An direkter Arbeit auf dem Trainingsplatz wird Lewandowski kaum beteiligt sein. „Wir schließen es allerdings nicht aus“, betont Gelsdorf. „Er soll aber kein Oberlehrer sein. Die jeweiligen Nachwuchstrainer bleiben in ihren Entscheidungen frei.“ Dass sich Minge, Drube oder Cichon künftig dennoch überwacht fühlen könnten, befürchtet Gelsdorf nicht, auch wenn die Beurteilung ihrer Arbeit ebenfalls unter Lewandowskis  Aufgabenbereich fällt. „Es ist ja nicht so, als hätten wir einen völlig Fremden auf diese Stelle gesetzt, die Leute kennen sich ja untereinander. Sascha soll zwar auch die Arbeit der Kollegen beurteilen, aber es soll sich niemand kontrolliert fühlen“, so Gelsdorf. „Und wenn das in der täglichen Arbeit doch einmal passieren sollte, dann kann man das nicht ändern. Derjenige hätte dann das System nicht verstanden. Aber alle Diskussionen werden künftig auf Augenhöhe stattfinden.“

Für Bayers Jugendleiter ist die Zeit der strikten Trennung zwischen Chef- und Co-Trainer ohnehin vorbei – das erfolgreiche Konzept Lewandowski/Sami Hyypiä führt er als Beweis  an. „Dass der Assistent nur dazu da ist, alles abzunicken und die Bälle aufzupumpen, ist nicht mehr zeitgemäß.“

Drube freut sich auf die Kooperation

Nils Drube, Trainer von Bayers U 19, freut sich auf die Kooperation. „Das ist ein großer Schritt in Richtung Professionalisierung. Ich persönlich freue mich sehr auf die Zusammenarbeit“,  meint der Coach. „Sascha weiß aus seiner Zeit in der Lizenzabteilung noch besser, welche Qualitäten bei den Spielern gefragt sind. Ein Kompetenzgerangel fürchtet auch Drube nicht: „Meine Gespräche mit ihm waren immer auf Augenhöhe. Und von kontroversen Diskussionen kann man ja häufig  profitieren.“

Auch Ralf Minge, Trainer der Leverkusener Regionalliga-Mannschaft, blickt der Zusammenarbeit optimistisch entgegen, wenn auch – im Gegensatz zu seinem Kollegen Drube – mit etwas gebremster Euphorie. „Ich halte es für einen Schritt nach vorn. Es gab ja in dieser Saison einige Berührungspunkte zwischen Nachwuchs und Profis. Und der Austausch war immer ein großer Benefit“, sagt Minge. „Aber alles andere wird ab der nächsten Saison der Alltag bringen, da lasse ich mich überraschen.
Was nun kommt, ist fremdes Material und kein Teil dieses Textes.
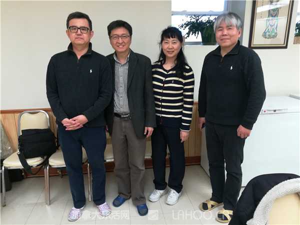 新华社渥太华分社首席记者李保东、《 人民日报》驻加拿大首席记者吴云、《健康时报》社长张志刚与贾葆蘅合影

Einen gemeinsamen Termin gab es noch nicht.“

Lewandowski wird zudem an der personellen Komposition der Leverkusener Nachwuchsteams maßgeblich beteiligt sein, „in Zusammenarbeit mit Sportchef Rudi Völler, Kadermanager Michael Reschke und meiner Wenigkeit“, wie Jugendleiter Gelsdorf erklärt.
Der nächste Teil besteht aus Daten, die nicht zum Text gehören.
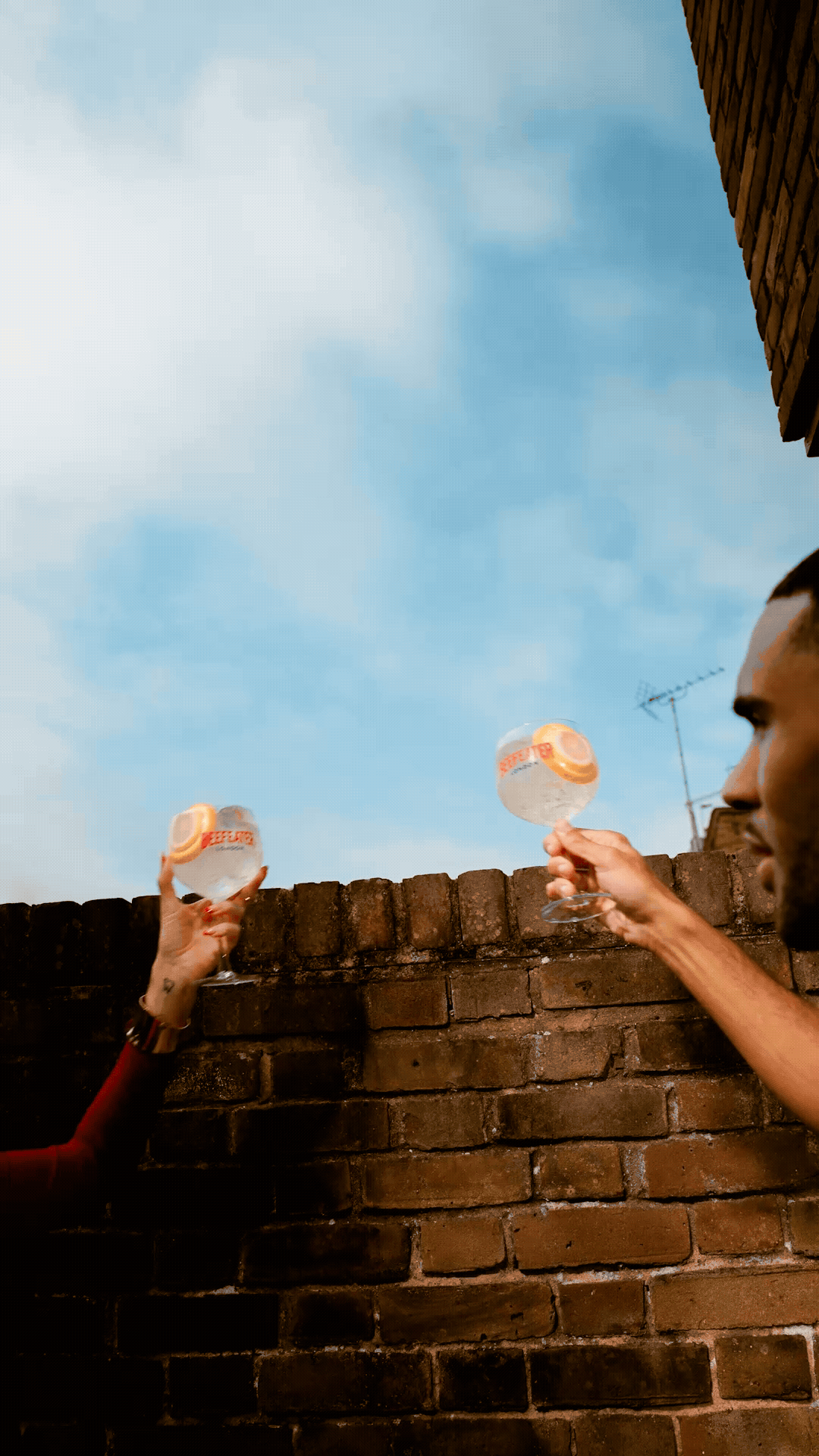 Person holding a bottle of Beefeater alcohol-free gin on a tiled surface.

In der Praxis wird es dann beispielsweise darum gehen, welchem Talent aus der Regionalliga-Mannschaft mit einem Ausleihgeschäft Spielpraxis in einer höheren Liga verschafft werden könnte, oder welcher B-Jugendliche bereits das Zeug für die U 19 hat.  Lewandowskis Vertrag läuft bis zum 30. Juni 2016.